Agricoltura
17 Febbraio 2026 12:25:35
Nei giorni scorsi, nella sede di Coldiretti Asti, si è svolto un incontro di formazione e informazione rivolto ai soci, con particolare attenzione a chi opera nell’orticoltura in serra, ambiente in cui questo insetto trova condizioni ideali per svilupparsi.
Conosciuta scientificamente come Tuta absoluta, la tignola del pomodoro è un insetto originario del Sud America che rappresenta una minaccia concreta per le coltivazioni. A differenza di molte altre specie, non entra in una vera fase di inattività durante l’inverno, riuscendo a sopravvivere nelle serre e a riprendere rapidamente il proprio ciclo vitale non appena le temperature tornano favorevoli. Il risultato può essere devastante: foglie, germogli e frutti vengono attaccati, compromettendo interi raccolti.
A illustrare le caratteristiche e la pericolosità dell’insetto è stato Antonio Bagnulo, responsabile tecnico di Coldiretti Asti, che ha sottolineato come la rapidità di riproduzione renda particolarmente difficile il contenimento dell’infestazione. Il problema è aggravato dal fatto che non esiste ancora una soluzione definitiva, rendendo necessario un approccio integrato basato su prevenzione, monitoraggio e tecniche innovative.
Il contributo scientifico è arrivato dalla professoressa Luciana Tavella del Dipartimento di Scienze Agrarie, Forestali e Agroalimentari dell’Università di Torino, che ha spiegato come la Tuta absoluta colpisca in modo particolare il pomodoro e, in misura minore, la melanzana.

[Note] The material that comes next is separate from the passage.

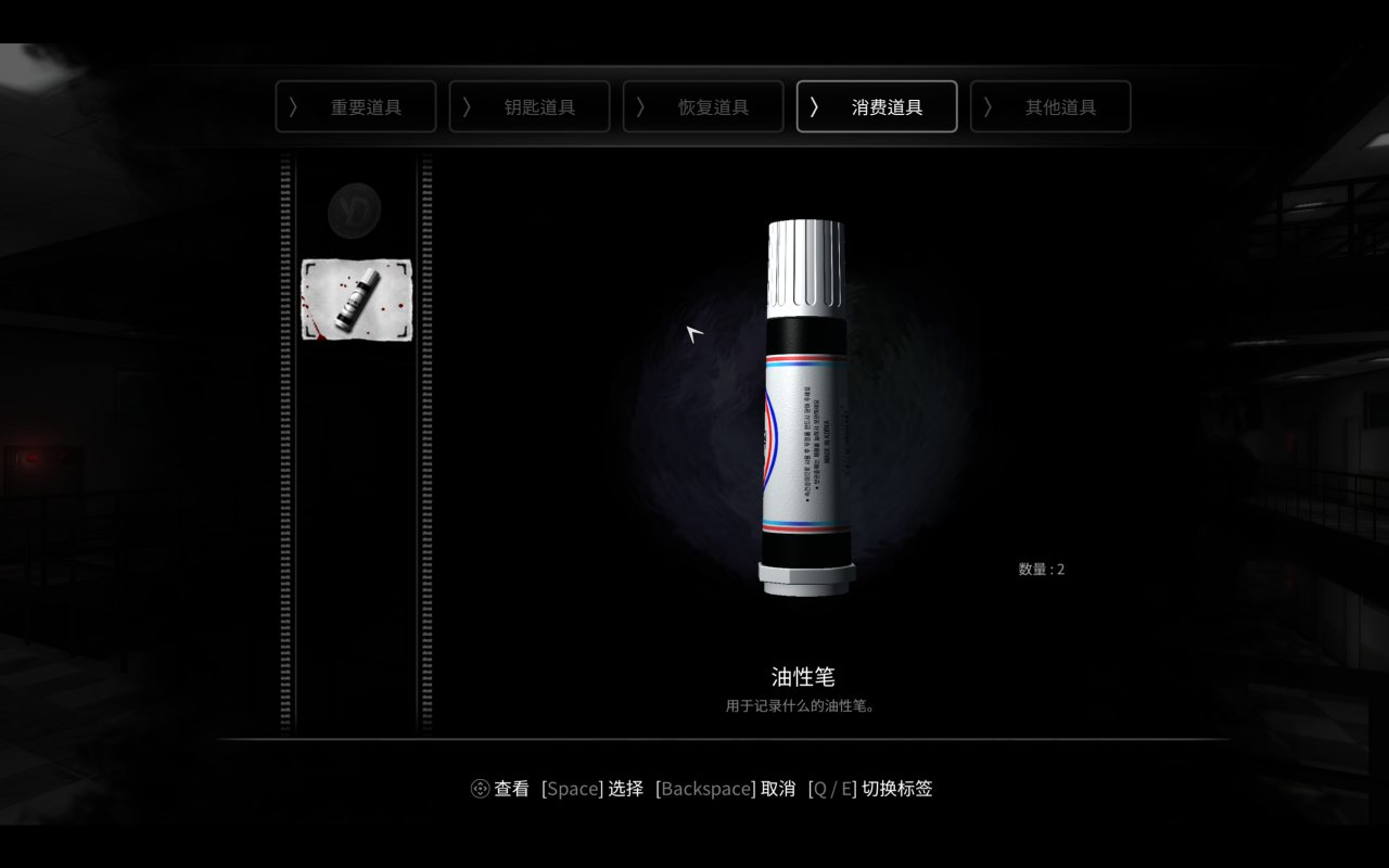 對玩家很不友好的存檔機制,你得有它才能手動存檔。我一開始很快就用掉了油性筆,以至於一步步都小心翼翼怕自己遇見怪談掛了在觸發劇情的時候是會自動存檔的,存檔標誌是左下角出現一個紅色W

Interessante anche l’osservazione sul possibile ruolo delle zucchine come “trappola biologica”: l’insetto può deporre le uova, ma le larve non riescono a completare lo sviluppo.
Tra le strategie di difesa attualmente disponibili, la prevenzione resta fondamentale. La pulizia delle serre, il controllo costante delle piante e l’utilizzo di reti anti-ingresso rappresentano i primi strumenti per limitare la diffusione. A questi si affiancano soluzioni biologiche come l’impiego di batteri naturali, funghi entomopatogeni e organismi predatori, oltre a tecniche innovative basate sulla cosiddetta “confusione sessuale”, che interferisce con il ciclo riproduttivo dell’insetto.
Il mercato sta inoltre introducendo nuovi dispositivi sostenibili di bio-cattura, che sfruttano richiami luminosi, olfattivi o vibrazionali per intercettare gli adulti. Tra le novità più promettenti vi sono sistemi capaci di bloccare i segnali di allarme emessi dagli insetti, migliorando l’efficacia delle strategie di contenimento e riducendo l’impatto ambientale degli interventi.
La ricerca scientifica prosegue anche sul fronte dei parassitoidi naturali, insetti antagonisti della Tuta absoluta già presenti in alcune aree ma non ancora diffusi in Piemonte, che potrebbero rappresentare in futuro un importante alleato nella lotta biologica.
Soddisfazione per l’iniziativa è stata espressa dalla presidente Monica Monticone e dal direttore Giovanni Rosso, che hanno ribadito l’importanza della formazione continua per aiutare le aziende agricole ad affrontare le sfide emergenti. L’obiettivo è chiaro: affiancare gli agricoltori con strumenti aggiornati e scientificamente validati, favorendo soluzioni sostenibili sia dal punto di vista ambientale sia economico.